Елену мы увели в другую комнату, где сразу же задействовали яйцеобразный модулятор в качестве мобильного портала. Точнее сказать, задействовал Андрей, объяснив мне накануне, что у Охры монополия на использование этого прибора, который срабатывает молниеносно и без неприятных физических ощущений. Модулятора у нас всего два и управляющие разрешают эксплуатировать приборы в исключительных случаях.
Как только дверь за нами закрылась, Елена схватила Андрея за руку, пробормотав сквозь слезы: «Не губите». Но в следующую секунду прибор сработал. Медлить было опасно. Я видела ее глаза – совершенно детский потерянный взгляд. Я запомнила ее образ, цвет волос, цвет глаз, серо-голубое пальто и такого же цвета шляпа с пером. И пахло от нее немного розой и чем-то еще – ярко, сладковато—горько.
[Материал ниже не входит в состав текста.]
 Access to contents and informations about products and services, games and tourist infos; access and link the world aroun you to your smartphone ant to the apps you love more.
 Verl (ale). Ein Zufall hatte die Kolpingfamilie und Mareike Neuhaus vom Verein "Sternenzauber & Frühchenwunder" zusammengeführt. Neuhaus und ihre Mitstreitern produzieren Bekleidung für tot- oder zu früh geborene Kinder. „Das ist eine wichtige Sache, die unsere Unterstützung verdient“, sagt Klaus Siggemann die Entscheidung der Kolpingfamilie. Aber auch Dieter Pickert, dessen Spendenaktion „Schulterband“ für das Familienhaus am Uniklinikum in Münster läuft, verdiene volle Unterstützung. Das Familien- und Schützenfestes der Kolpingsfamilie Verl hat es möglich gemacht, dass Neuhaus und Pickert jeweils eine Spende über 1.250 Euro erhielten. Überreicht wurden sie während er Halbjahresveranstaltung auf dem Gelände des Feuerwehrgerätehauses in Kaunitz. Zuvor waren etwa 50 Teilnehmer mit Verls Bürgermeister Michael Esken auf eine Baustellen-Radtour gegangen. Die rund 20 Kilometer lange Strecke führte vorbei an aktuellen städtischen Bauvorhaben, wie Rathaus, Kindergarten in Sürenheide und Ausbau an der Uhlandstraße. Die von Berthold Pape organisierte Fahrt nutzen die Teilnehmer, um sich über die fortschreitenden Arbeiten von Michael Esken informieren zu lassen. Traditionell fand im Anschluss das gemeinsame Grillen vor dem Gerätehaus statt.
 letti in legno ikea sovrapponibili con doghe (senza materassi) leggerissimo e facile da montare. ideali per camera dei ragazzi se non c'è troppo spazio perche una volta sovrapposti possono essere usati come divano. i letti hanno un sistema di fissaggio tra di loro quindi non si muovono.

Но это не походило на обычные духи – так веяло от всей ее одежды, от пера на шляпе, от рук в бежевых перчатках, от кружевного платка, которым она бесконечно утирала свои нескончаемые слезы. Позже Андрей сказал, что это, кажется, шафран, и это вообще одна из любопытнейших особенностей временных путешествий – запахи эпох.
Но это был конец ее прекрасной эпохи, ибо дальше Елену Кольцову—Мосальскую ожидало пугающее далекое будущее, незнакомые, непонимающие ее люди, объяснение ситуации как она есть, психологическая помощь в принятии происходящего, рождение ребенка, потеря его и переброс в другое время. Опять в другое, хотя все еще понятное для нее. А дальше длительная адаптация под наблюдением сотрудников Охры и конечно же небольшая работа с воспоминаниями. Их, насколько я знаю, не убирают окончательно, их просто прячут подальше, оставляя в качестве резерва.
Из нас двоих, сопровождавших ее до Охры, рассказать правду не уполномочили никого. Но вот тут-то я и запаниковала. Мы выполнили главное – отвлекли Елену и безболезненно развели пару. Ужасное вероломство! Но на этом все.
По инструкции, дальнейшее мое действие после исполнения роли мадам Магды – возвращение в свое время, где меня ожидал сбор некоторых данных, а это на несколько лет позже, но другого шанса у меня ведь могло и не быть, а потому этот план я готова была нарушить.
Передали мы Елену мужчине лет пятидесяти с длинной седеющей бородой и прихрамывающей женщине – смуглой брюнетке с красивым римским профилем, в темно-коричневом твидовом костюме. Прощаясь с нами, Елена рыдала, постоянно на нас оборачиваясь, но все больше обращаясь к Андрею. Возможно потому, что мое лицо укрывала вуаль и роль моя предполагалась холодной и безучастной.
Наши переходы и приспособления очень специфические и не подходят для обычных временных путешествий, какие пришлось испытать мне в своем государстве. Охринские проходы плющили усиленно – они проводили во времени, а потом меняли частоту биоритмов, таким образом, открывая перед нами другое государство – Охру. Настройка живых организмов за пять сотых секунды – это одно из последних изобретений этого государства. Потому—то отыскать его в обычных условиях практически невозможно. Почему практически? Потому что рождаются все же редкие уникумы.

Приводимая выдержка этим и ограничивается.